Assim como ela, outras das centenas de pessoas afetadas pelo rompimento da barragem da Samarco ainda sofrem com depressão ou outros problemas emocionais. Ontem, a Secretaria de Estado de Saúde (SES) informou que irá investigar, por meio do Grupo de Trabalho de Acidentes de Trabalho Ampliado e Desastres, a informação de que teria havido três suicídios – de uma moradora de Barra Longa e de dois funcionários da mineradora – e oito casos de tentativas.

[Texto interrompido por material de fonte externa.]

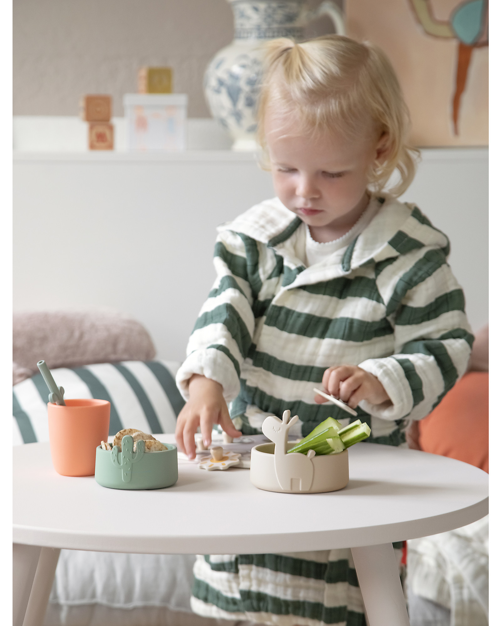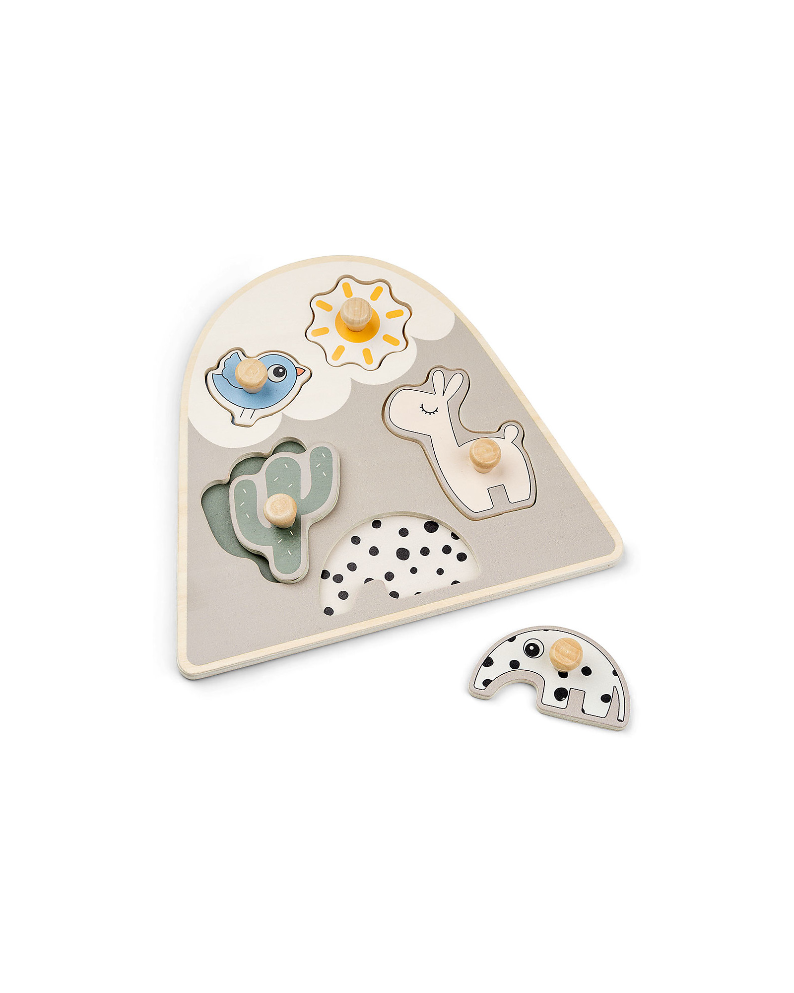 Il puzzle in legno Lalee firmato dal marchio di design danese Done by Deer, aiuterà il tuo bambino a esercitare le abilità motorie e lo aiuterà a sviluppare il pensiero logico e la risoluzione dei problemi. Il simpatico puzzle lama ha cinque pezzi di puzzle in legno, puoi afferrare i pezzi da gioco e aiutare Lalee, Birdee e Antee a rimettersi al proprio posto e a far sorgere il sole in cima alla montagna, ma manca il cactus. Deve essere posizionato ai piedi della montagna, ora tutti i pezzi sono al loro posto.

“Há muitos registros de estresse pós-traumático, e temos que ter a ciência de que eles podem aumentar ainda mais, já que se caracterizam por surgirem em um tempo longo após uma tragédia. Ele ocorre exatamente quando há um processo de perda de referência ou medo do que será no futuro e insegurança”, afirmou Marta Freitas, diretora de Saúde do Trabalhador da SES.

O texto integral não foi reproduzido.